**Description of the task:** The answer must consist only of the lines in the records below from the line with "Balance between internal" to the line with "نام دستگاه خریدار:معاونت", both included, copied word for word with every picture left out.
• • • • • • •
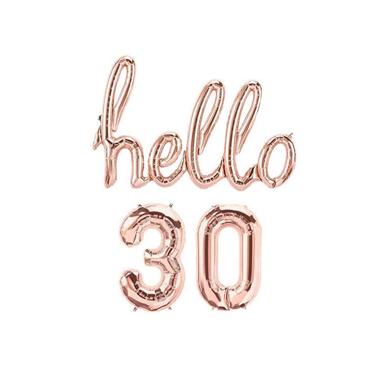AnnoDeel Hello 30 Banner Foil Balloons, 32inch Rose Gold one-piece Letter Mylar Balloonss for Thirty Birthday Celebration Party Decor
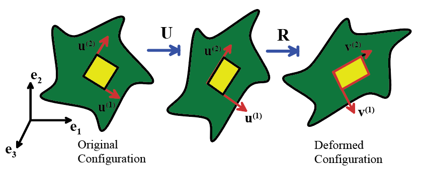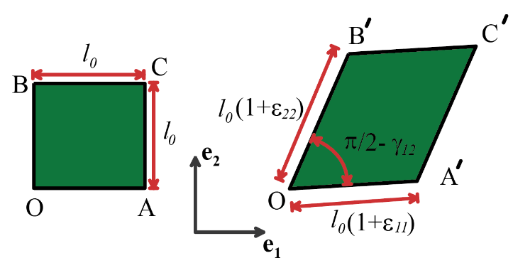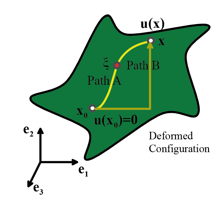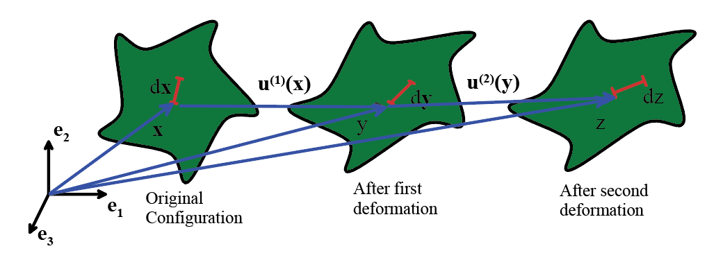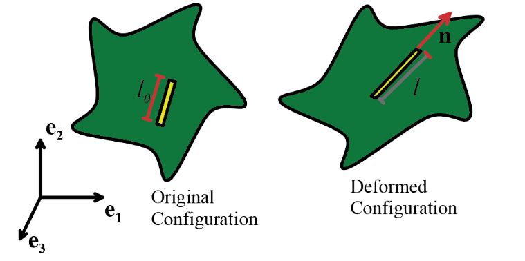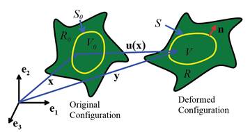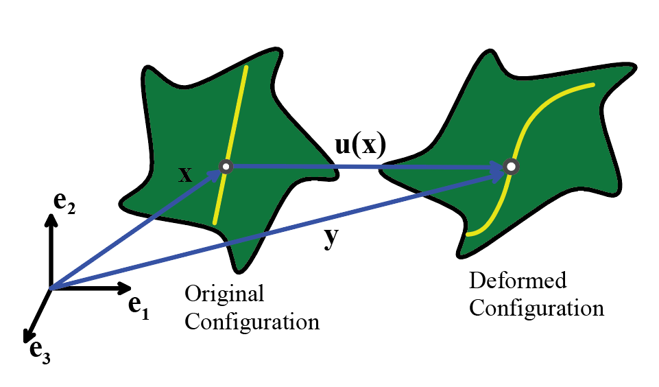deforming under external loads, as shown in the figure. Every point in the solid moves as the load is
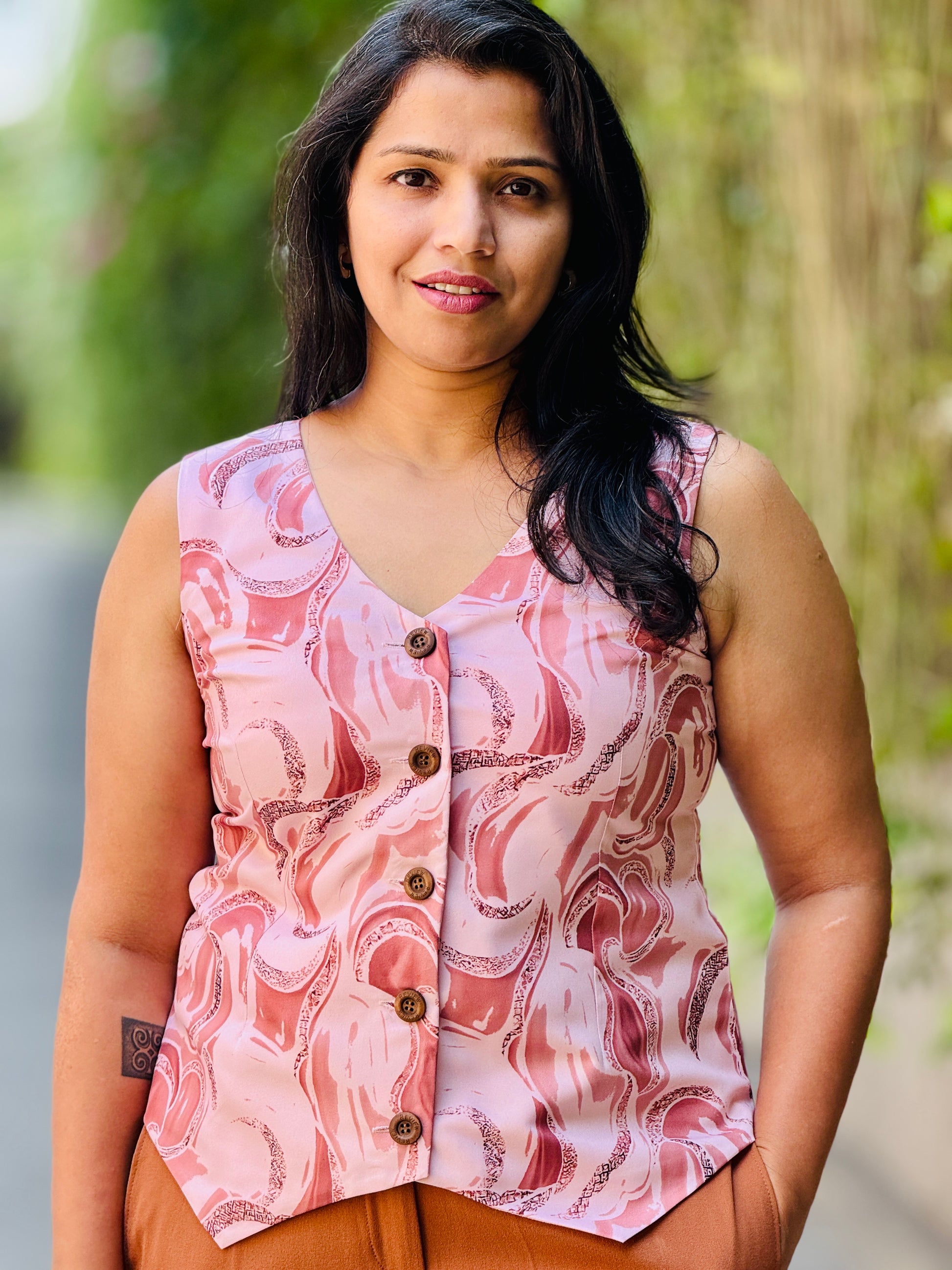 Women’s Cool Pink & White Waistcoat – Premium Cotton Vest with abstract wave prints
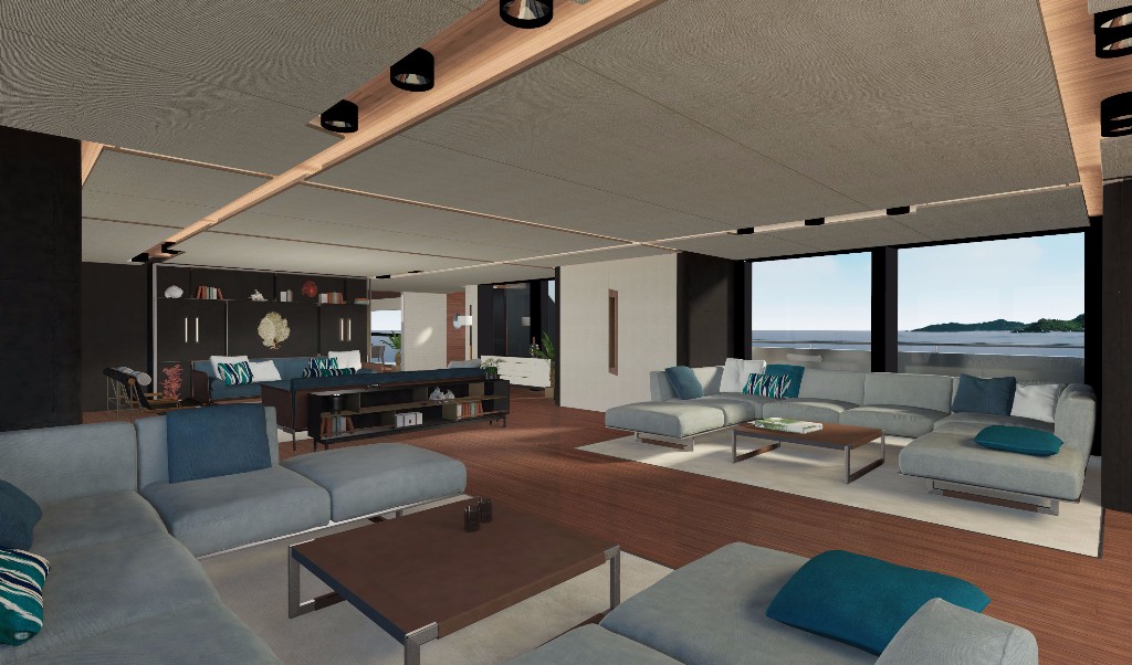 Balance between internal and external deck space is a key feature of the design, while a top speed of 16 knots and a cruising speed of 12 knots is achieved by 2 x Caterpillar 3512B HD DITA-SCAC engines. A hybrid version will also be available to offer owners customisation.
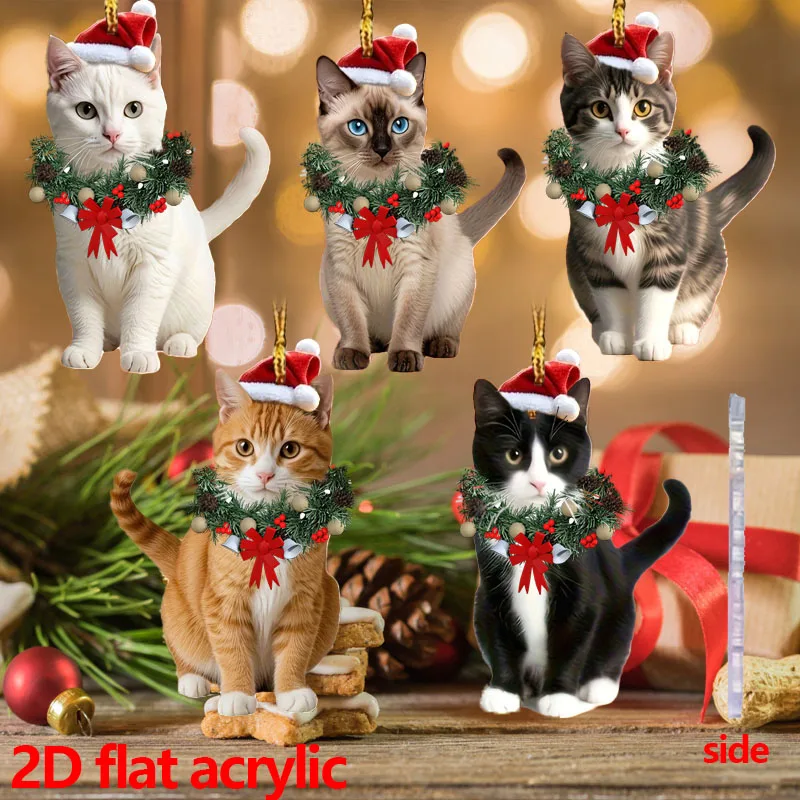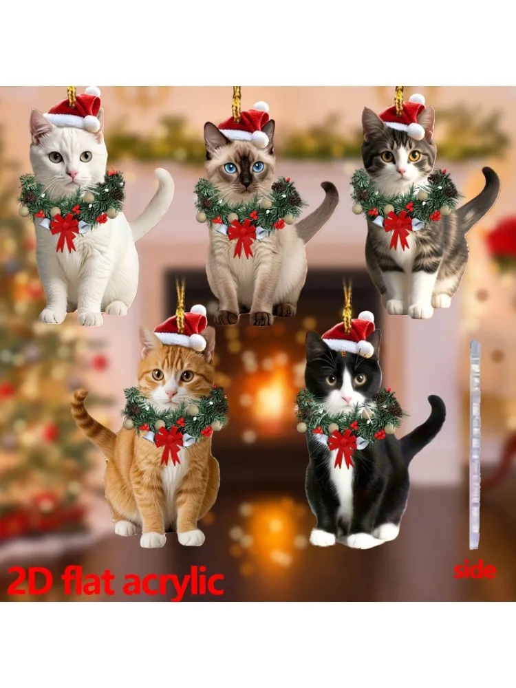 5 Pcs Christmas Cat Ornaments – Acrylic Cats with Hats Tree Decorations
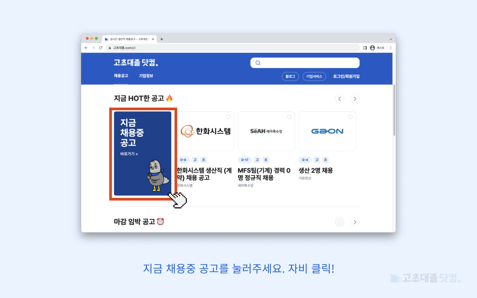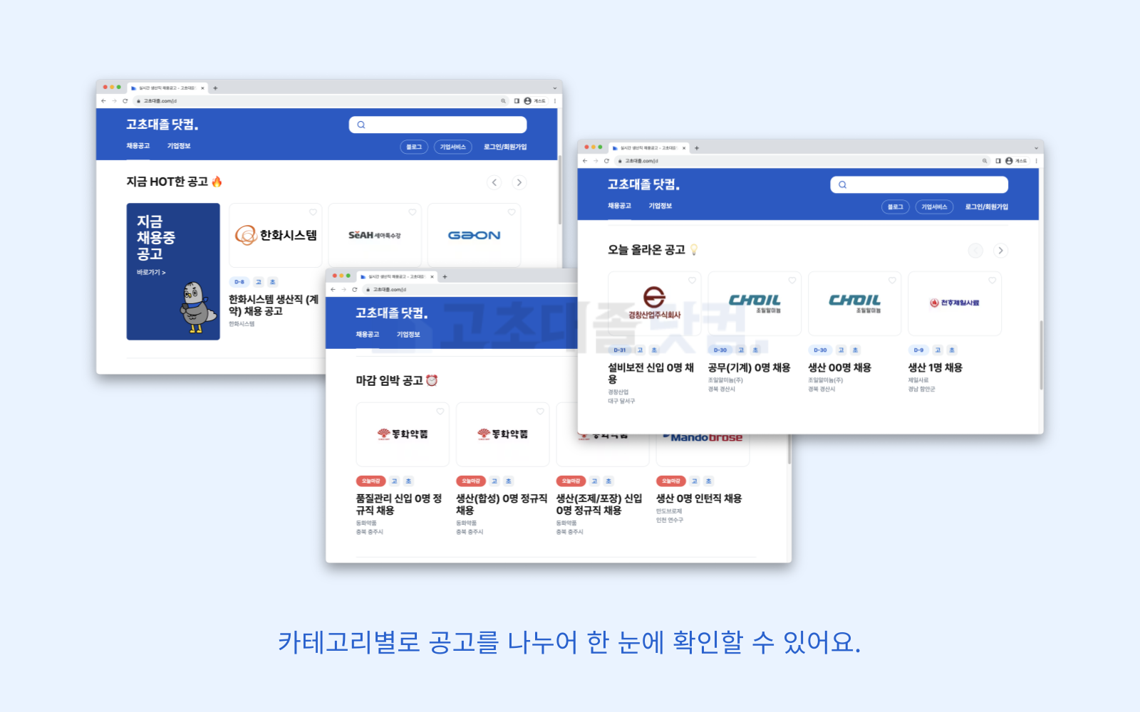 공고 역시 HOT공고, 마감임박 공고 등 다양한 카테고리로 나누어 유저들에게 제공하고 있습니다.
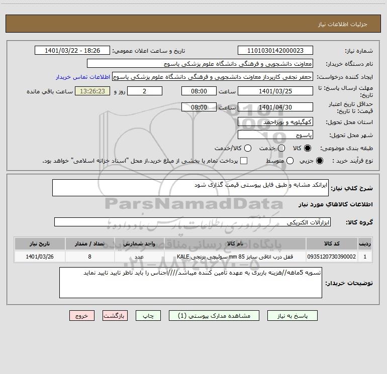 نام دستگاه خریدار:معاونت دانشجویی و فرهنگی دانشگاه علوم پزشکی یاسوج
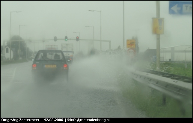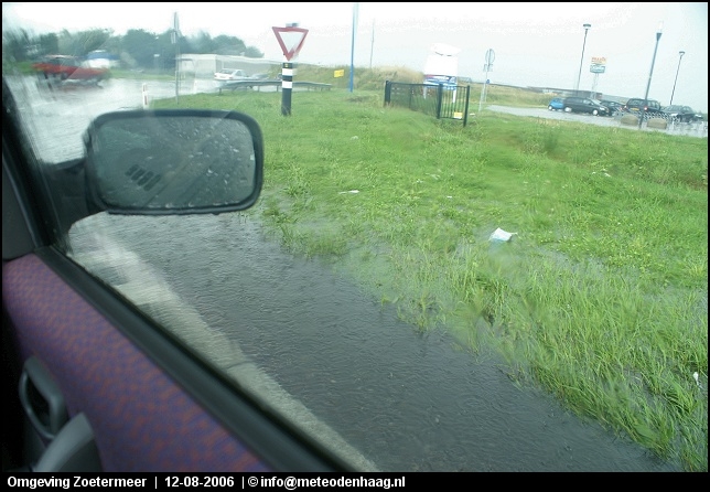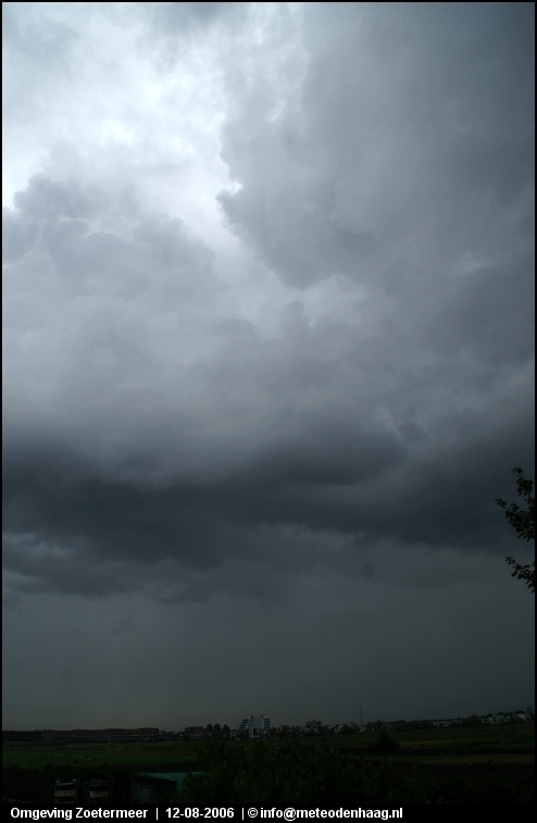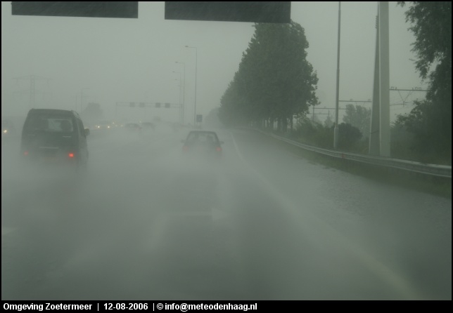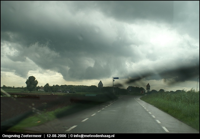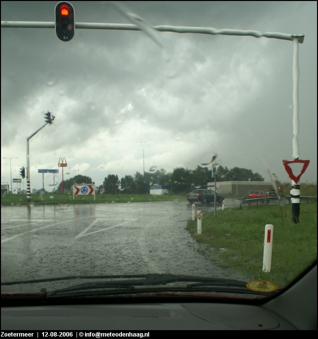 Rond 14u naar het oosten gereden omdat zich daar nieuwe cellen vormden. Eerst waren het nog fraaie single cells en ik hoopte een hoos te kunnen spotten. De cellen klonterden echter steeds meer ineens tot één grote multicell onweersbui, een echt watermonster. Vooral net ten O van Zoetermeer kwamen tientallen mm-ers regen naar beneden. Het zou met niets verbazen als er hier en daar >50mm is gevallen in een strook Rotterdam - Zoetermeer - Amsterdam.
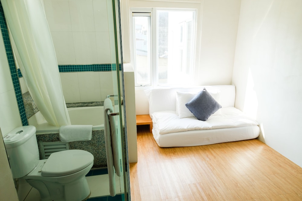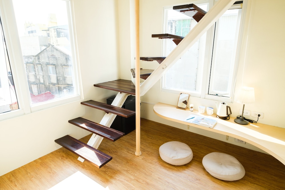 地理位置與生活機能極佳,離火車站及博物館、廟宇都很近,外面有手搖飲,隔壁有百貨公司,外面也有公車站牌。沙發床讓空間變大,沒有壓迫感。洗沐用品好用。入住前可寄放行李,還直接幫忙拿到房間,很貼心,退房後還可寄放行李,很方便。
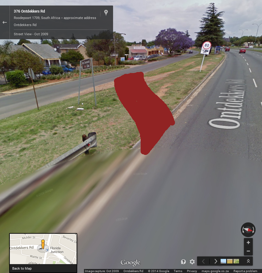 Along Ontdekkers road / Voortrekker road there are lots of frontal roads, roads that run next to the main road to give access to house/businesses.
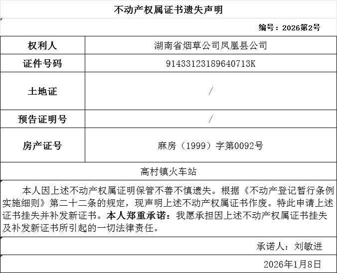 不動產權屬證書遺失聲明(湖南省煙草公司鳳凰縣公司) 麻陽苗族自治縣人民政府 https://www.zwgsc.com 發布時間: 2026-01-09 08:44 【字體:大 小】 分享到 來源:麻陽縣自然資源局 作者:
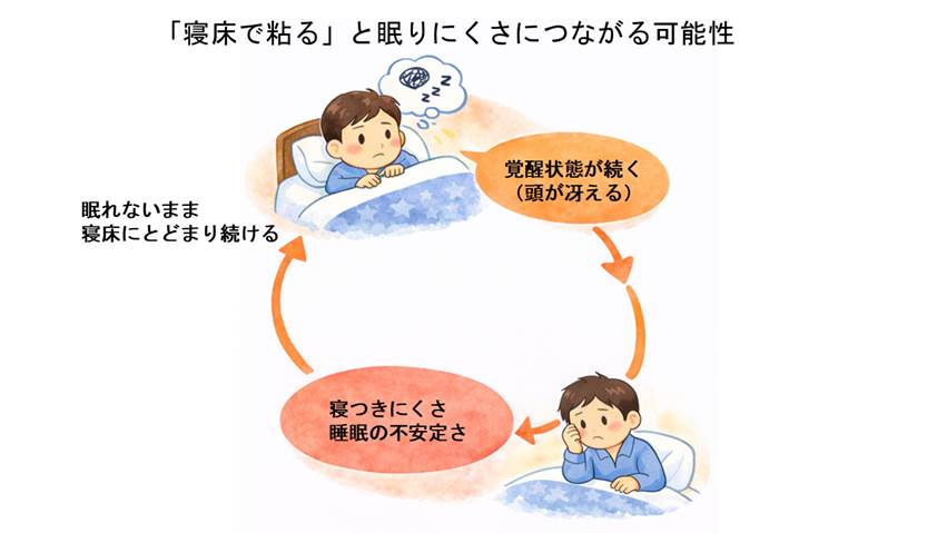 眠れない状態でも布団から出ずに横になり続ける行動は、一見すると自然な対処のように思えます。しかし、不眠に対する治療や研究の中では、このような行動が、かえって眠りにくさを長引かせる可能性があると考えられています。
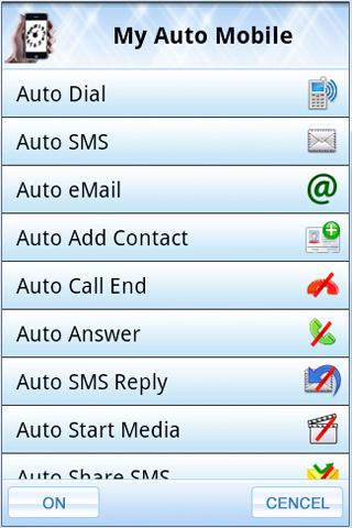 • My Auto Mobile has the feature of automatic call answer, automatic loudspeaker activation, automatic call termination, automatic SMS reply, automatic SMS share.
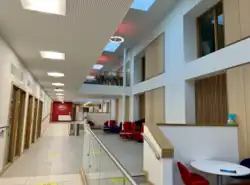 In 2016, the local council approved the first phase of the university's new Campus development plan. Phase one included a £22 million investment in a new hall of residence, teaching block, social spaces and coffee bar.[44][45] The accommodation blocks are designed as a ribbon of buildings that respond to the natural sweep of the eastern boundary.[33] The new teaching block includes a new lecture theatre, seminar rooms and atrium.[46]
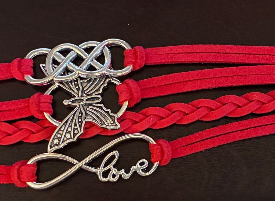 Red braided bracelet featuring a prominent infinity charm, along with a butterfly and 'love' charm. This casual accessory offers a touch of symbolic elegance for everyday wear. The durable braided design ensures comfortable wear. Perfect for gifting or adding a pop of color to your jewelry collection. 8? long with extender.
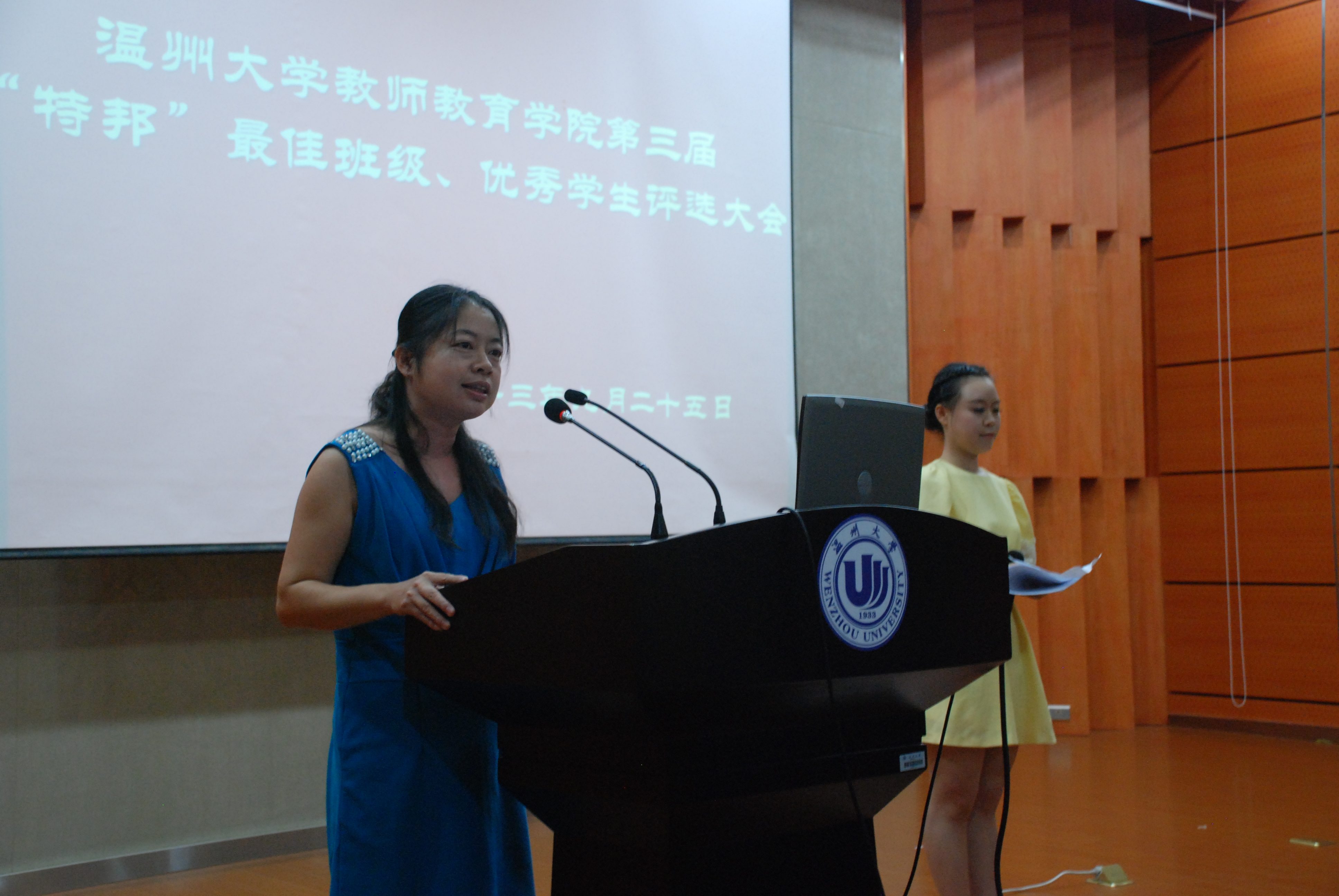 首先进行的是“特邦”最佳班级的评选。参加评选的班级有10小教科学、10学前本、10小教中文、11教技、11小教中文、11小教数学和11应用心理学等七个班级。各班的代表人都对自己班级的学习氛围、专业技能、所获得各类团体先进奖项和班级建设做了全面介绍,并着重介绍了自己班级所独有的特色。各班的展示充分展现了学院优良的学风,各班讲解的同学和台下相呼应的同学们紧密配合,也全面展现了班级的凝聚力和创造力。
• • • • • • •
**Task output:**
 Balance between internal and external deck space is a key feature of the design, while a top speed of 16 knots and a cruising speed of 12 knots is achieved by 2 x Caterpillar 3512B HD DITA-SCAC engines. A hybrid version will also be available to offer owners customisation.
 5 Pcs Christmas Cat Ornaments – Acrylic Cats with Hats Tree Decorations
 공고 역시 HOT공고, 마감임박 공고 등 다양한 카테고리로 나누어 유저들에게 제공하고 있습니다.
 نام دستگاه خریدار:معاونت دانشجویی و فرهنگی دانشگاه علوم پزشکی یاسوج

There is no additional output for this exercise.